Membanggakan, anak-anak banyak yang terlibat dalam hajatan seni tersebut. Ini ajang strategis untuk mendekatkan anak-anak pada dunia seni sejak dini. Dengan demikian, kesenian Bali akan selalu lestari.
Memang, PKB salah satu ajang untuk melestarikan kesenian warisan budaya leluhur, di samping untuk mengembangkan kesenian. Dikatakannya, budaya Bali merupakan identitas masyarakat Pulau Dewata.
Identitas atau kearifan lokal tersebut merupakan salah satu kebanggaan. Melalui PKB, identitas itu digali, dilestarikan dan dikembangkan. Upaya itu telah dilakukan sejak awal PKB digelar, 41 tahun lalu. Hasilnya, berbagai kesenian, mulai yang hampir punah, hingga kesenian yang sudah dikembangkan dapat kita saksikan dalam PKB.

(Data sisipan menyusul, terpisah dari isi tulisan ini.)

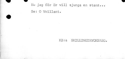 //// Nu jag för Er vill sjunga en stanz... Se: O Vaillant. //// » //// KB:s SKlLLINGTRYCKSREG. //// ? ////

Melalui PKB dengan tema payungnya yang berbeda setiap tahunnya, mendorong para seniman terus berkreasi. Seperti pada PKB ke-41 yang bertema ‘’Bayu Pramana: Memuliakan Energi Angin’’, seniman didorong mengimplementasikan tema itu ke dalam garapan.

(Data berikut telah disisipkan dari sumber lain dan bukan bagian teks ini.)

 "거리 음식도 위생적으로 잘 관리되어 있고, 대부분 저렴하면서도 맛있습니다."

Hasilnya, banyak garapan sudah sesuai dengan tema PKB. Bahkan ISBI Tanah Papua juga berupaya menerjemahkan tema tersebut dalam garapannya berjudul ‘’Isosolo’’ pada pawai PKB. Garapan tersebut dikolaborasikan dengan fashion show berbasis ekologi Papua.
Pihaknya menginterpretasikan tema PKB ‘’Bayu Pramana’’ sesuai kearifan lokal Papua. Dalam kearifan lokal Papua, angin adalah sebuah kekuatan alam untuk hidup dan kehidupan.
Garapan ‘’Isosolo’’ terinspirasi dari sebuah tradisi di Sentani. Masyarakat setempat menggunakan kekuatan angin untuk membawa makanan atau kayu dari satu kampung ke kampung lain pada saat ada upacara adat. Masyarakat Papua percaya bahwa angin itu akan membawa mereka ke tempat tujuan, sehingga angin betul-betul dimuliakan. (Subrata/balipost)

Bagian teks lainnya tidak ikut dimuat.